If for a sequence (tn),sn=2n²+5n,find tn and show that the sequence is an a.p
s(1) = t(1) = 2+5 = 7
s(2) = 2(2^2) + 5(2) = 18
s(3) = 2(9) + 5(3) = 33
s(4) = 2(16) + 5(4) = 52
..
t(2) = s(2) - s(1) = 18-7 = 11
t(3) = s(3) - s(2) = 33-18
= 15
t(4) = s(4) - s(3) = 52-33 = 19
so we have:
7,11,15,19,... looks like an AP with
a = 7 , d = 4
term(n) = a + (n-1)d
= 7 + 4(n-1)
= 7 + 4n - 4
= 4n + 3
in general:
term(n) = sum(n) - sum(n-1)
= 2n^2 + 5n - (2(n-1)^2 + 5(n-1) )
= 2n^2 + 5n - ( 2n^2 - 4n + 2 + 5n - 5)
= 2n^2 + 5n - 2n^2 -n + 3
= 4n + 3
To find the nth term of a sequence, tn, we need to understand the pattern of the sequence.
Given: sn = 2n² + 5n
We can express the nth term of a sequence, tn, in terms of sn.
Let's find tn:
To find tn, we substitute the n value into the given expression for sn.
tn = 2n² + 5n
Now let's simplify it further:
tn = 2n(n + 5)
Now, let's prove that the sequence is an arithmetic progression (a.p).
To prove that the sequence is an a.p., we need to show that the difference between any two consecutive terms is constant.
Let's find the difference between the (n+1)th term and the nth term:
tn+1 = 2(n+1)² + 5(n+1)
tn+1 = 2(n² + 2n + 1) + 5n + 5
tn+1 = 2n² + 4n + 2 + 5n + 5
tn+1 = 2n² + 5n + 4n + 2 + 5
tn+1 = (2n² + 5n) + (4n + 7)
Now let's find the difference between tn+1 and tn:
tn+1 - tn = (2n² + 5n) + (4n + 7) - (2n² + 5n)
tn+1 - tn = 4n + 7
The difference is 4n + 7, which is not a constant value. Hence, the given sequence (sn) is not an arithmetic progression (a.p).
However, the formula for tn, tn = 2n(n + 5), is correct.
To find tn for the given sequence (sn = 2n² + 5n), we need to substitute the value of n into the given formula.

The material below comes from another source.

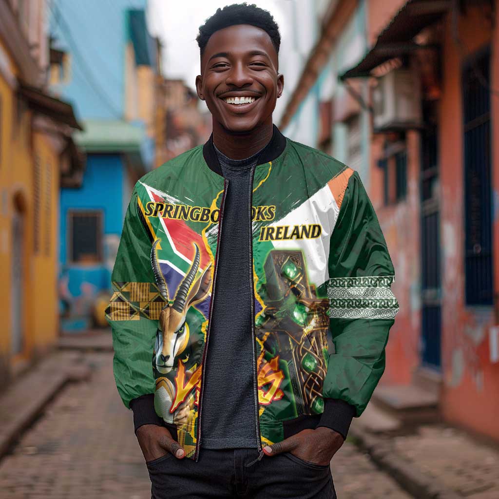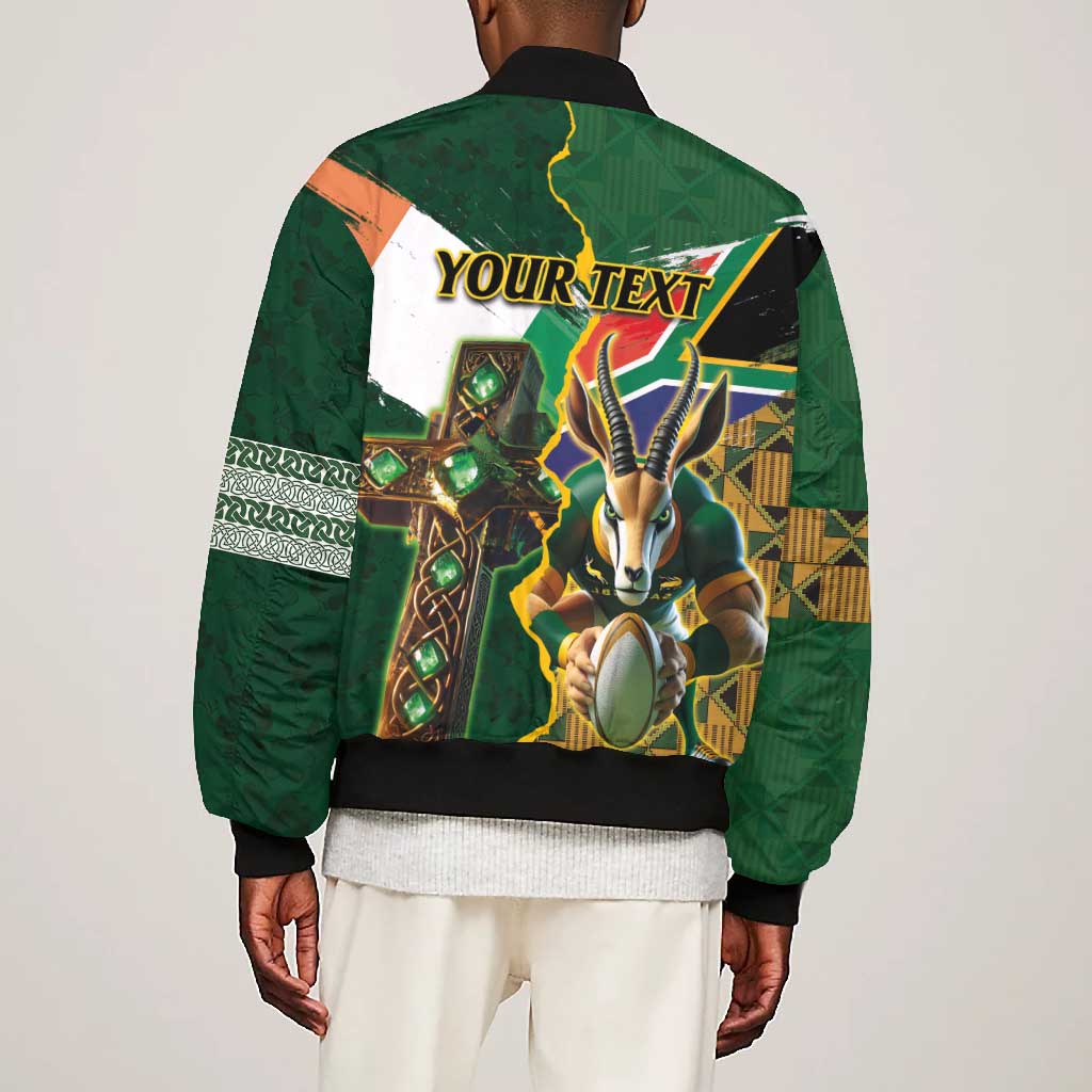 Personalized South Africa Versus Ireland Rugby Bomber Jacket - Springbok Mascot, Celtic Cross Design

The general formula for an arithmetic progression (a.p.) can be written as:
tn = a + (n-1)d
Here, we have sn = 2n² + 5n, which represents the sum of the first n terms. Now, let's find tn and show that the sequence is an arithmetic progression.
Step 1: Find tn
To find tn, substitute n into the expression sn = 2n² + 5n:
tn = 2n² + 5n
So, the formula for tn of the given sequence is tn = 2n² + 5n.
Step 2: Show that the sequence is an arithmetic progression
For a sequence to be an arithmetic progression, the difference between any two consecutive terms must be constant.
To verify if the given sequence is an arithmetic progression, let's calculate the difference between two consecutive terms:
tn+1 - tn
Substituting the formula tn = 2n² + 5n, we get:
tn+1 = 2(n+1)² + 5(n+1)
tn+1 = 2(n² + 2n + 1) + 5n + 5
tn+1 = 2n² + 4n + 2 + 5n + 5
tn+1 = 2n² + 9n + 7
Now, calculate the difference:
tn+1 - tn = (2n² + 9n + 7) - (2n² + 5n)
tn+1 - tn = 2n² + 9n + 7 - 2n² - 5n
tn+1 - tn = (2n² - 2n²) + (9n - 5n) + 7
tn+1 - tn = 4n + 7
Since the difference between consecutive terms (tn+1 - tn) is a constant (4n + 7), we can conclude that the given sequence is an arithmetic progression.